EXERCISE AIM =>
Word for word, restate the lines from the one containing "[ #3227 ACCOUNT" through the last line of the material, and include no pictures.

GIVEN DATA =>
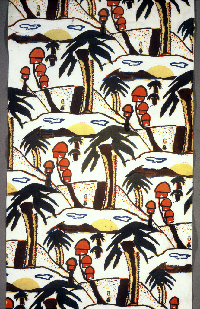 This is a Textile. It was made by Unknown. It is dated 1930s and we acquired it in 1976. Its medium is cotton and its technique is hand screen printed on plain weave. It is a part of the Textiles department.
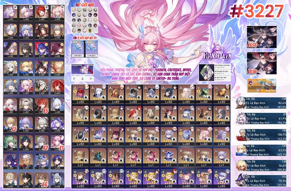 [ #3227 ACCOUNT SIÊU KHỦNG VÔ HẠN CHAR TRẤN TEAM NÀO CŨNG DÁT KIM CƯƠNG- MAIN NAM CỰC HIẾM ]
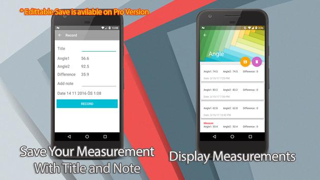 Relative Measurement: Hold your device to slope or angle then touch angle meter and measure rotation relative to previous position. This mode is perfect for using as GONIOMETER.
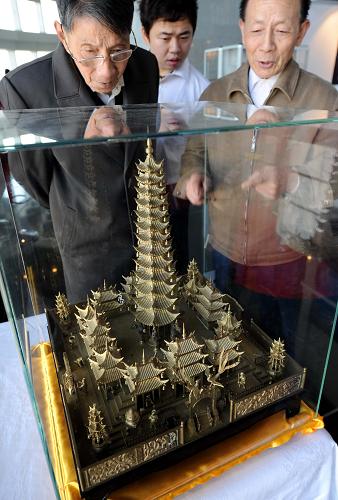 觀眾在展會(huì)上參觀銅雕手工藝品。
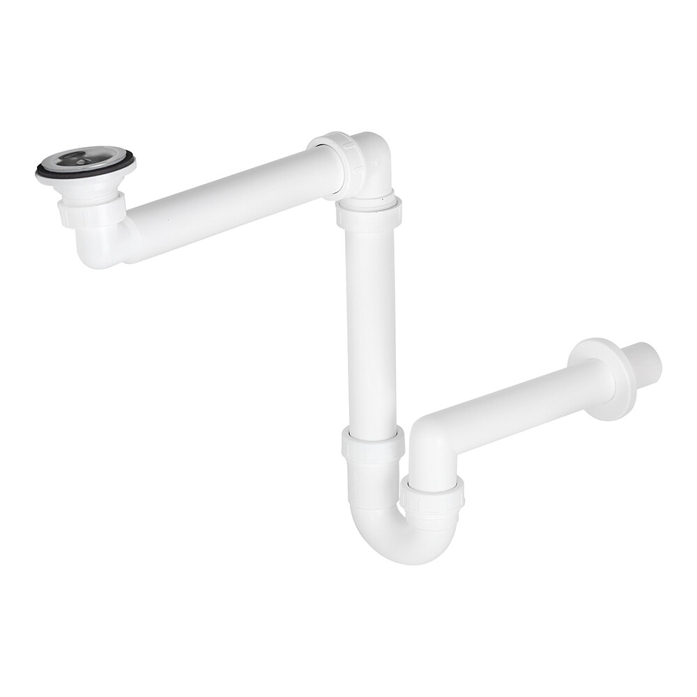 Сифон для раковины и мойки Alcadrain 1 1/2х40 мм со смещением с выпуском d60 мм белый (A413/AG210511100)
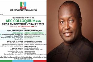 The events which is tagged 2024 Colloquium and Mega Empowerment Rally by APC and Ubah will take place in Sen Uba’s home town Nnewi.
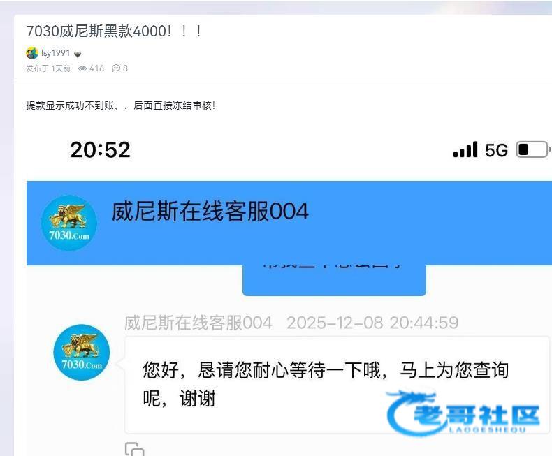 9030  正常充值100  提400  说账号异常  审核处理一天了    账号也不冻结  也不退款    不知道什么意思

ANSWER FOR THE TASK =>
 [ #3227 ACCOUNT SIÊU KHỦNG VÔ HẠN CHAR TRẤN TEAM NÀO CŨNG DÁT KIM CƯƠNG- MAIN NAM CỰC HIẾM ]
 Relative Measurement: Hold your device to slope or angle then touch angle meter and measure rotation relative to previous position. This mode is perfect for using as GONIOMETER.
 觀眾在展會(huì)上參觀銅雕手工藝品。
 Сифон для раковины и мойки Alcadrain 1 1/2х40 мм со смещением с выпуском d60 мм белый (A413/AG210511100)
 The events which is tagged 2024 Colloquium and Mega Empowerment Rally by APC and Ubah will take place in Sen Uba’s home town Nnewi.
 9030  正常充值100  提400  说账号异常  审核处理一天了    账号也不冻结  也不退款    不知道什么意思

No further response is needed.